Non sarebbe meglio liberarci dalla domanda sul senso della vita e cominciare a viverla ?
Niente domanda , niente affanno a trovare risposte.
Da tempo non penso ci sia un senso alla vita, ne lo cerco, eppure la sofferenza nel viverla, e la vivo intensamente, la provo lo stesso. Si dovrebbe specificare quale tipo di sofferenza, a volte anzi mi pare che coloro che riescono ad avere la fiducia che ci sia senso vivano meglio le comuni difficoltà.

filoumenanike 15-11-2010 00.52.03

Citazione:

Originalmente inviato da Telemaco (Messaggio 92414)
Non c'è nulla da scalfire, perchè la mia opinione è basata sul nulla, così come la tua.
Ah se riuscissimo darci un senso alla vita....
Se, sempre se....
Sono passati millenni e l'uomo cerca sempre le stesse cose.
Errare è umano , ma perseverare è diabolico...

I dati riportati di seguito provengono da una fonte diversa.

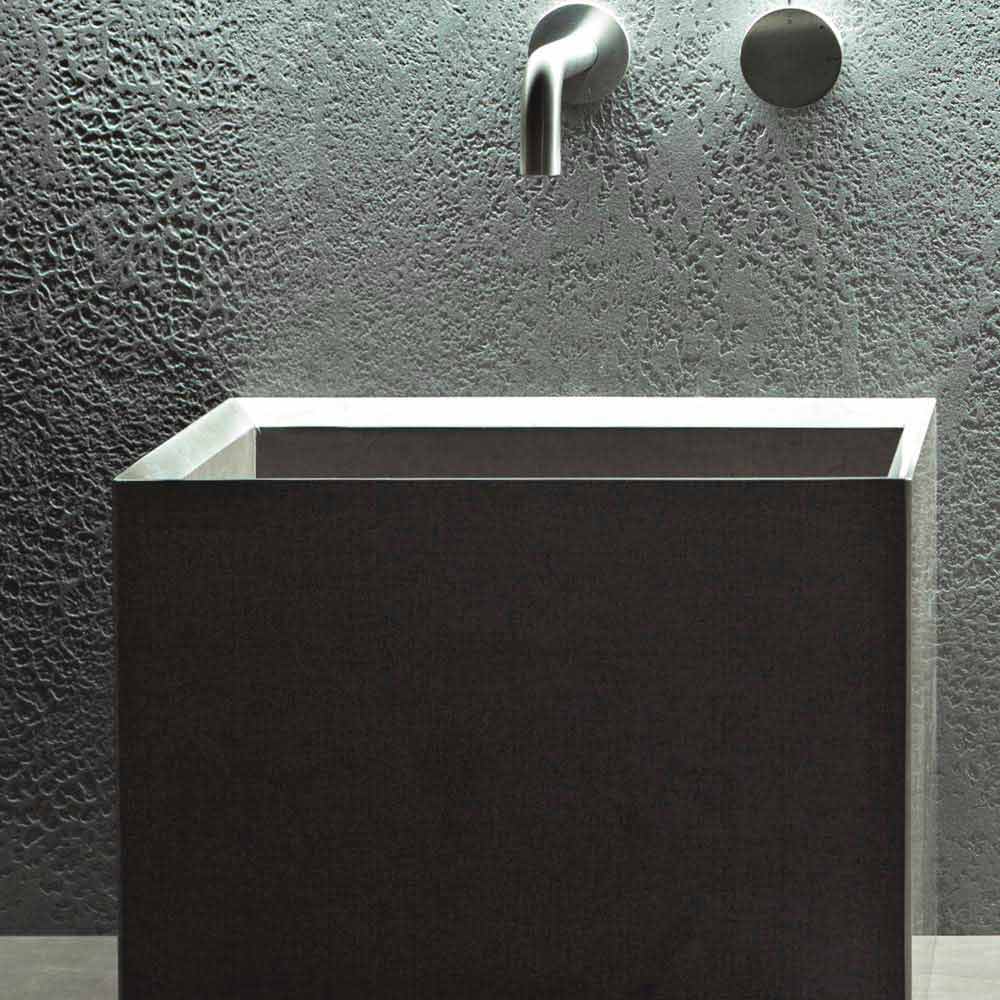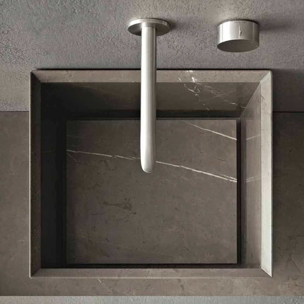 Lavatório quadrado de bancada, design moderno em pedra natural, com ralo oculto.

L'animale si chiede perchè esiste ?
IL tuo organismo si chiede perchè esiste ?
La natura si chiede perchè esiste ?
Esistono da miliardi di anni senza necessità di porsi domande esistenziali.
L'uomo grazie alla sua mente rischia di autodistruggersi da solo in pochi millenni.

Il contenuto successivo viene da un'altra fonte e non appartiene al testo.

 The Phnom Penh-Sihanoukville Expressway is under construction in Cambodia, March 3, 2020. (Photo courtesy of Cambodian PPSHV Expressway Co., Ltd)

La ricerca della vita è solo una necessità della mente perchè non accetta l'impermanenza.
IL corpo è eterno e con la morte si trasforma in qualcos'altro, quindi non teme la morte perchè in realtà è solo una trasformazione in qualcos'altro.
La mente invece che fine fa ? senza memoria cosa è ?
Ecco perchè si deve creare un "senso".
Un senso che se non c'è crea solo problemi.

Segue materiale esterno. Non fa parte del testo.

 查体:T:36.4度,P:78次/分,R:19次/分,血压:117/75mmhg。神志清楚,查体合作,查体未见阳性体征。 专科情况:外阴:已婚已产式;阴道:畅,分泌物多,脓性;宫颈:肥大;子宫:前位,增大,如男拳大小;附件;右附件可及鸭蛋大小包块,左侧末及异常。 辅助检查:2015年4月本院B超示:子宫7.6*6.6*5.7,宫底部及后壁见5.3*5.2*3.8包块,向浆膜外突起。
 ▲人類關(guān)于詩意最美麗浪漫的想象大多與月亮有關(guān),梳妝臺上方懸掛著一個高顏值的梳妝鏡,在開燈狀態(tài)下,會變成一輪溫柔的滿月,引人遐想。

Mi sembra una contraddizione dire che l'uomo rischia di autodistruggersi in pochi millenni quando hai appena affermato che " sono passati millenni e l'uomo cerca sempre le stesse cose"...dunque ancora esiste?
La mente in questa tua teoria sembra essere staccata dal corpo ma non sono uguali corpo e mente? non sono frutto della materia entrambi?
E poi che dire degli allarmi che il corpo ci invia quando teme o si accorge che qualcosa non va? non è paura?
E poi sei così sicuro che gli animali non abbiano elaborazioni di pensiero? noi uomini con la nostra mente siamo così presuntuosi da decidere che il resto della natura sia inferiore a noi ma è proprio così? chi ci dice cosa passi per la mente di un leone, di un gatto, di un orango?
Scrivendo ho anche pensato ad un povero ignorante che non sa niente di filosofia, di ricerca esistenziale, vive come un bruto, lavora da mattina a sera, segue le sue naturali pulsioni, è incatenato al meccanismo fisso della società, accetta passivamente quanto gli capita, soffre quando sta male, soffre quando ha fame, piange di dolore, dimmi da che cosa è diversa questa forma di esistenza da quella cui tu aspiri?